Moments In Mansfield

Official Mansfield Poster

I left Great Woods scratching my head last night with a question that has grown significant in the flow of recent Phish sets – “Why does Trey keep cutting off jams?” In a very good show at Great Woods that could have been great, Phish got into two sections of improvisation, out of “Sneakin’ Sally” and “Light” that reached points of greatness when Trey singularly decided to lop them off before they came to an organic endings. The flow of a potentially awesome second set became compromised, and we were left with some stellar, relatively disconnected, moments of Phish.

Within each individual jam, Phish is clearly listening to each other very proficiently, jamming as a unit quite well. But any time a piece seems to be progressing into something bigger, the band continues to push ahead in the musical concept, while Trey simply starts a new song.

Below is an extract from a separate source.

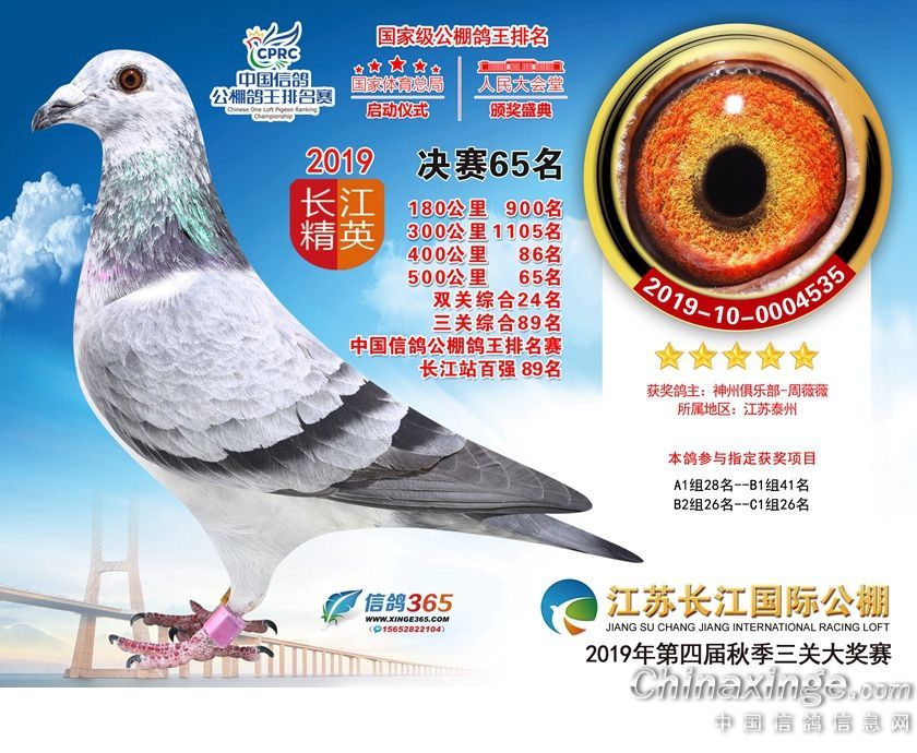 作品说明: 江苏长江公棚2019年获奖鸽欣赏61-90名

For examples, look no further than the two most significant pieces of last night’s show – “Sneaking Sally” and, more particularly, “Light.” Each jam brought original ideas to the table, connected in cohesive improvisation. But in both cases, (much more flagrantly in “Light”) Trey ended the piece awkwardly, suddenly starting the next song while the rest of the band was clearly still engaged. Food for thought.

6.12.10 (PEEK)

Nonetheless, the highest points in the evening came in “Sally > Light,” and a phenomenal “Slave” that deserved a more complete set to punctuate. “Sally” brought a bulbous funk excursion that had the amphitheatre bumpin’ like a pinball machine. Trey, with short, high-pitched licks and searing leads, and Mike, with thumping bass lines, engaged in creative interplay, leading the band through dance realms without ever falling prey to cliche grooves. Trey briefly previewed the upcoming “Light” by changing tones within the “Sally” jam, but then prematurely chopped in with the song’s initial chords. The band adjusted quickly, resulting in only a slightly rocky transition, but why isn’t Trey allowing jams to reach their natural conclusions?

“Light” entered sublime territory, leaving the song’s build for a darker exploratory realm. Page and Mike stepped up to co-lead this forward-looking experiment while Trey accented the jam from the behind the scenes. This section was amazing, but this section lasted only two and half minutes. As the band jammed on, Trey decided it was time for “Forcety-Six Days,” inexplicably starting the blues-rock number amidst a serious groove. Once the band had left the build of “Light,” they arrived at a plane that seemed destined for greatness along the lines of Blossom’s “Number Line,” but it wasn’t given the chance to grow.

6.15.10 (B.Riley)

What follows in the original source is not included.